(Source records)
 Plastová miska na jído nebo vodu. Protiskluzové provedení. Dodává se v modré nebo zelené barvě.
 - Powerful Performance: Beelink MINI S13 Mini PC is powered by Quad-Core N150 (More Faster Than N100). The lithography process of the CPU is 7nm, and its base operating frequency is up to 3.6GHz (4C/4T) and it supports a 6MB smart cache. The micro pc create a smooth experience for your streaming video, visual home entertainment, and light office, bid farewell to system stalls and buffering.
(End Source records)
(Source records)
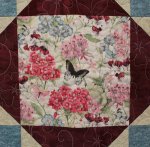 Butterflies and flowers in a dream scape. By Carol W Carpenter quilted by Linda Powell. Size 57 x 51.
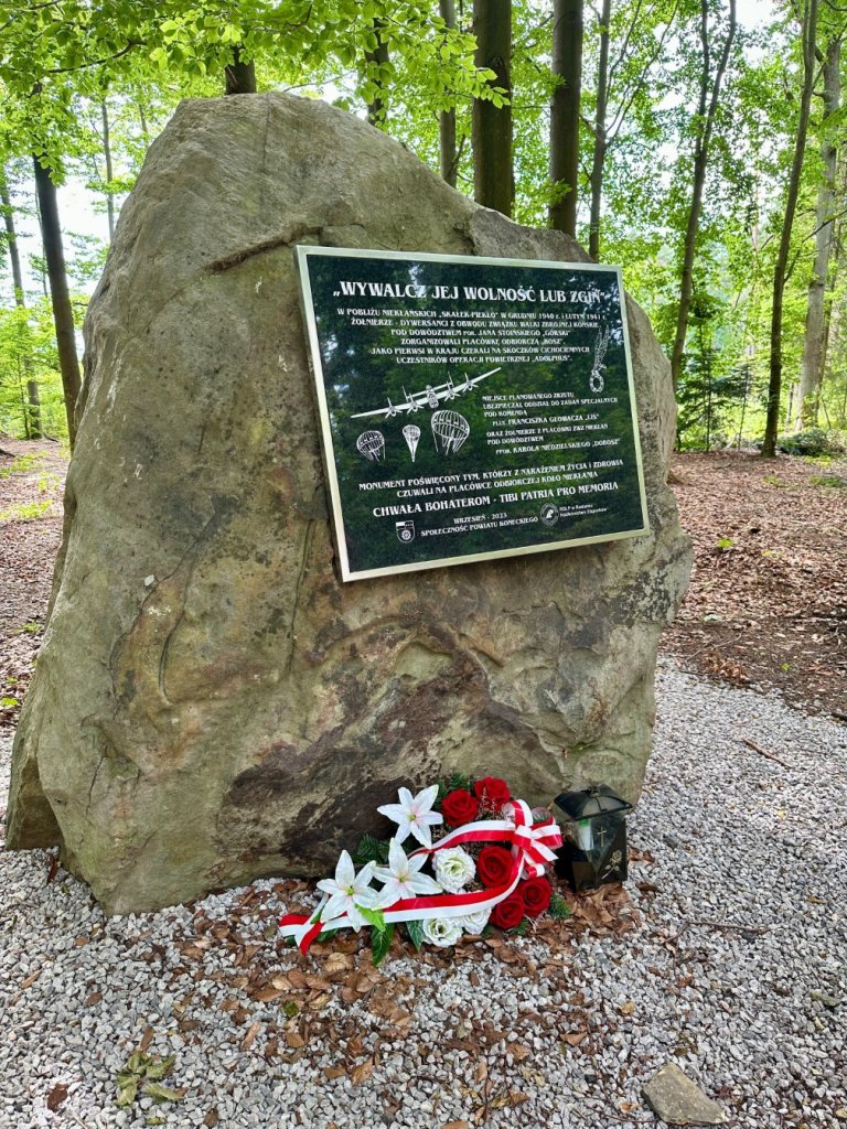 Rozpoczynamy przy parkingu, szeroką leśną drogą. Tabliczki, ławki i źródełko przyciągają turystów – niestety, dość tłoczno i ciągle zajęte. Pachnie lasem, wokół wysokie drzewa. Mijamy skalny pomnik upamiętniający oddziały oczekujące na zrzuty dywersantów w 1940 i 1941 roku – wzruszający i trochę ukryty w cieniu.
(End Source records)
Requirement — What you return must be an exact retyping of the lines above starting at the line with "Plastová miska na" and ending at the line with "- Powerful Performance: Beelink", and nothing besides.

Reply —
 Plastová miska na jído nebo vodu. Protiskluzové provedení. Dodává se v modré nebo zelené barvě.
 - Powerful Performance: Beelink MINI S13 Mini PC is powered by Quad-Core N150 (More Faster Than N100). The lithography process of the CPU is 7nm, and its base operating frequency is up to 3.6GHz (4C/4T) and it supports a 6MB smart cache. The micro pc create a smooth experience for your streaming video, visual home entertainment, and light office, bid farewell to system stalls and buffering.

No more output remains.